RECORDS SHOWN:

********

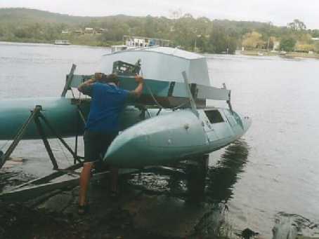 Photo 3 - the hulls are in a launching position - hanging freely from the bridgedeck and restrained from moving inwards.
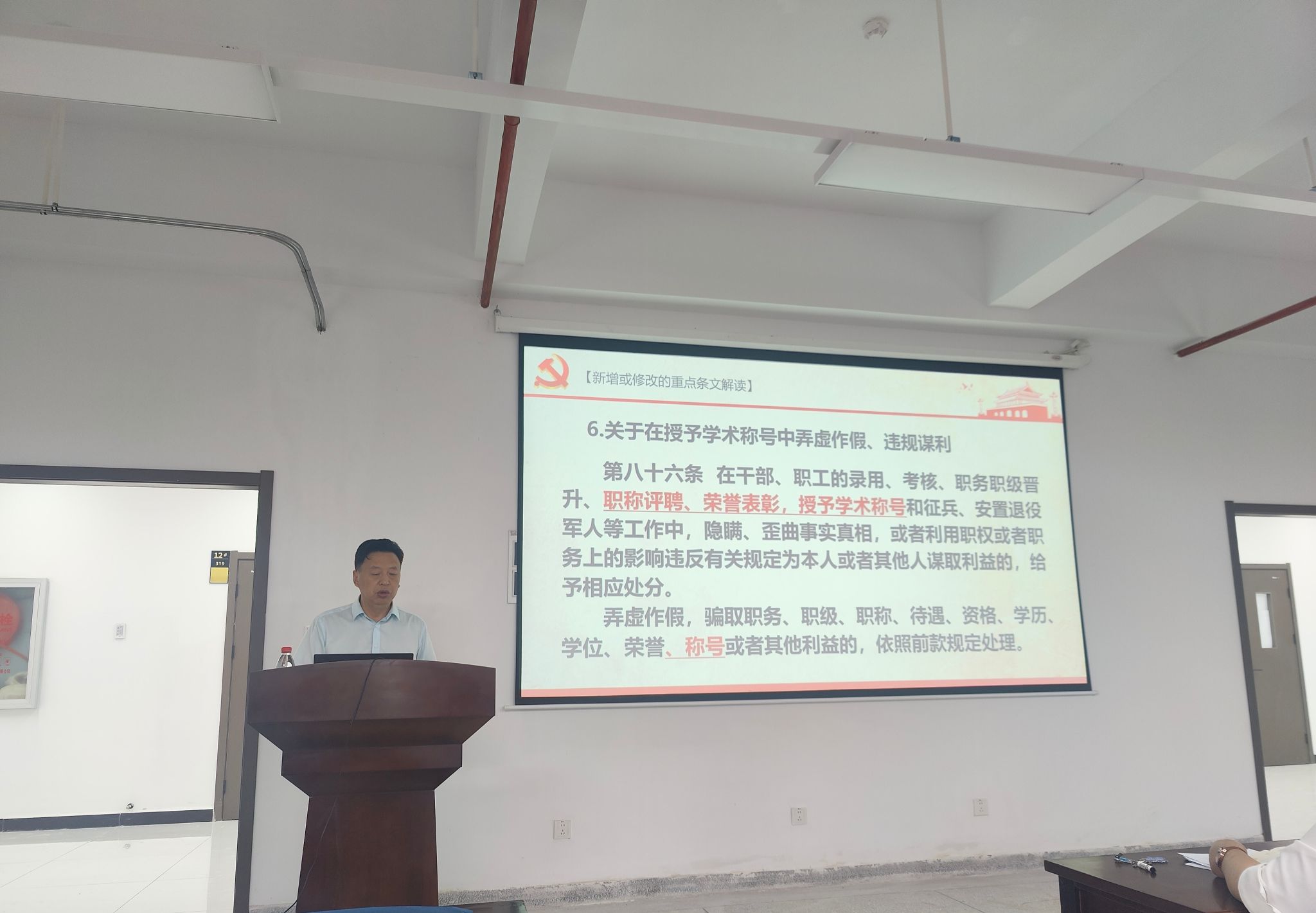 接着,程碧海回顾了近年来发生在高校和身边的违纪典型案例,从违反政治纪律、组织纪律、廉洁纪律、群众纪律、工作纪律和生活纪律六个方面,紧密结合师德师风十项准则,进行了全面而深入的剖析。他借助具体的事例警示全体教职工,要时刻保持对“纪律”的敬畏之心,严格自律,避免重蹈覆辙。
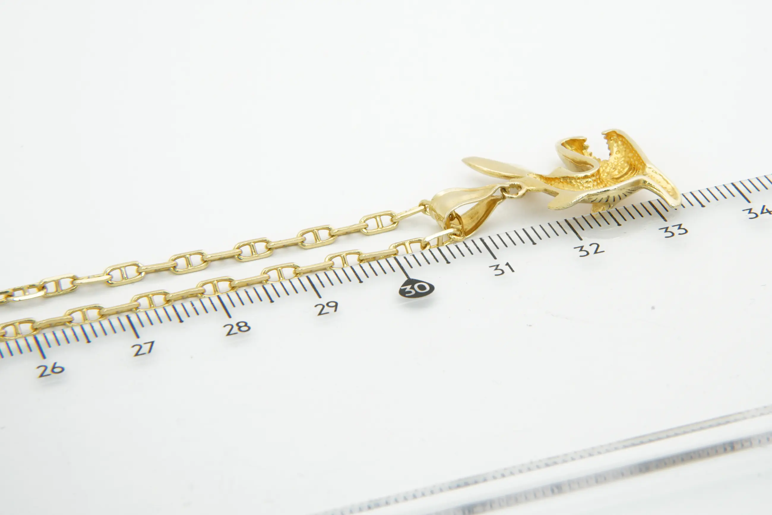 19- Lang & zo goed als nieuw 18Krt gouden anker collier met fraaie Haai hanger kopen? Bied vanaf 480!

********

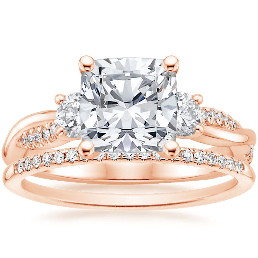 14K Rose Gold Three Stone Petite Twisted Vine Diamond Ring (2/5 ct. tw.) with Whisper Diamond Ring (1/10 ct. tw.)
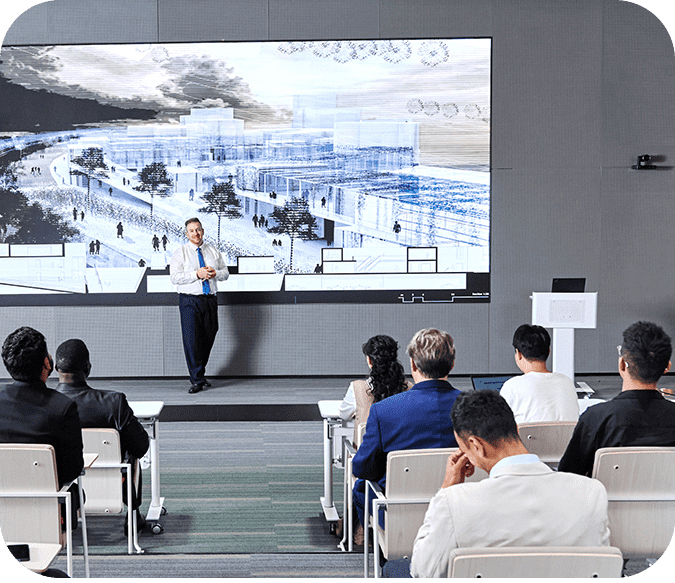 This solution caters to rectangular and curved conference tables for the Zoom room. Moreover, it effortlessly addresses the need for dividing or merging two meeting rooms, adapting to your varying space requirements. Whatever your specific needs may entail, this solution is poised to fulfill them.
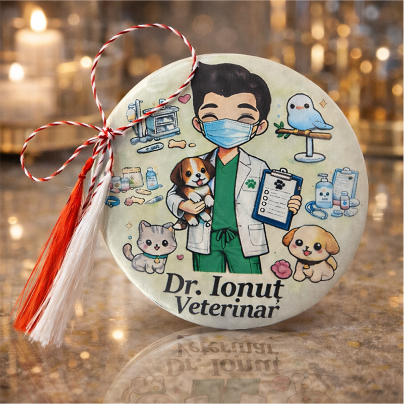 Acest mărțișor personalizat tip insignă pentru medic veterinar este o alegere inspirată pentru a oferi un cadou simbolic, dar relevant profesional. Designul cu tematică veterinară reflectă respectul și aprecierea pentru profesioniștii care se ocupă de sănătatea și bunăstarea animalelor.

********

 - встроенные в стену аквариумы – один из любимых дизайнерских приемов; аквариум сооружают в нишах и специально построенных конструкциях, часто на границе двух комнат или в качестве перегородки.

********

WHAT THE EXERCISE ASKS:
Keep to the stretch from the line containing "接着,程碧海回顾了近年来发生" through the line containing "19- Lang & zo", both ends included, and copy it exactly from the listing above, minus the pictures.

ANSWER TO THE EXERCISE:
 接着,程碧海回顾了近年来发生在高校和身边的违纪典型案例,从违反政治纪律、组织纪律、廉洁纪律、群众纪律、工作纪律和生活纪律六个方面,紧密结合师德师风十项准则,进行了全面而深入的剖析。他借助具体的事例警示全体教职工,要时刻保持对“纪律”的敬畏之心,严格自律,避免重蹈覆辙。
 19- Lang & zo goed als nieuw 18Krt gouden anker collier met fraaie Haai hanger kopen? Bied vanaf 480!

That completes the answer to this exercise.